* _Input data_:
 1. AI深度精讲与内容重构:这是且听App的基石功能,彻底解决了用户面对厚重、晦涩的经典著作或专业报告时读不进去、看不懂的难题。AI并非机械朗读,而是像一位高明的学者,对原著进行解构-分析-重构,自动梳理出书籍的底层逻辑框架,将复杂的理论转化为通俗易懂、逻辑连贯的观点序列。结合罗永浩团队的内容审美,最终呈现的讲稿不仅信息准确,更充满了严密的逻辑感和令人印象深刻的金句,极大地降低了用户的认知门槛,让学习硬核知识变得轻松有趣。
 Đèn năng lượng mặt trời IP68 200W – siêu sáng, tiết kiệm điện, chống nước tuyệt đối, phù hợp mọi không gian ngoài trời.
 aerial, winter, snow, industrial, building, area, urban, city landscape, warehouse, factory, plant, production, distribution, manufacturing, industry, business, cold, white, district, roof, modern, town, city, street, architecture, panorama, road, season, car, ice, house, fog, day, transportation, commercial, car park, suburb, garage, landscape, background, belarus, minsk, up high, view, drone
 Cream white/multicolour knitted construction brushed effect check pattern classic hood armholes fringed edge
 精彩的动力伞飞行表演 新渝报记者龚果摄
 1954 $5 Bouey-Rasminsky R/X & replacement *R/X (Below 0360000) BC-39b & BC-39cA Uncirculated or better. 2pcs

* _Your task_:
Your answer must consist solely of the lines above between the line holding "Đèn năng lượng" and the line holding "aerial, winter, snow, industrial, building, area, urban, city", inclusive, copied exactly.

* _Answer to this problem_:
 Đèn năng lượng mặt trời IP68 200W – siêu sáng, tiết kiệm điện, chống nước tuyệt đối, phù hợp mọi không gian ngoài trời.
 aerial, winter, snow, industrial, building, area, urban, city landscape, warehouse, factory, plant, production, distribution, manufacturing, industry, business, cold, white, district, roof, modern, town, city, street, architecture, panorama, road, season, car, ice, house, fog, day, transportation, commercial, car park, suburb, garage, landscape, background, belarus, minsk, up high, view, drone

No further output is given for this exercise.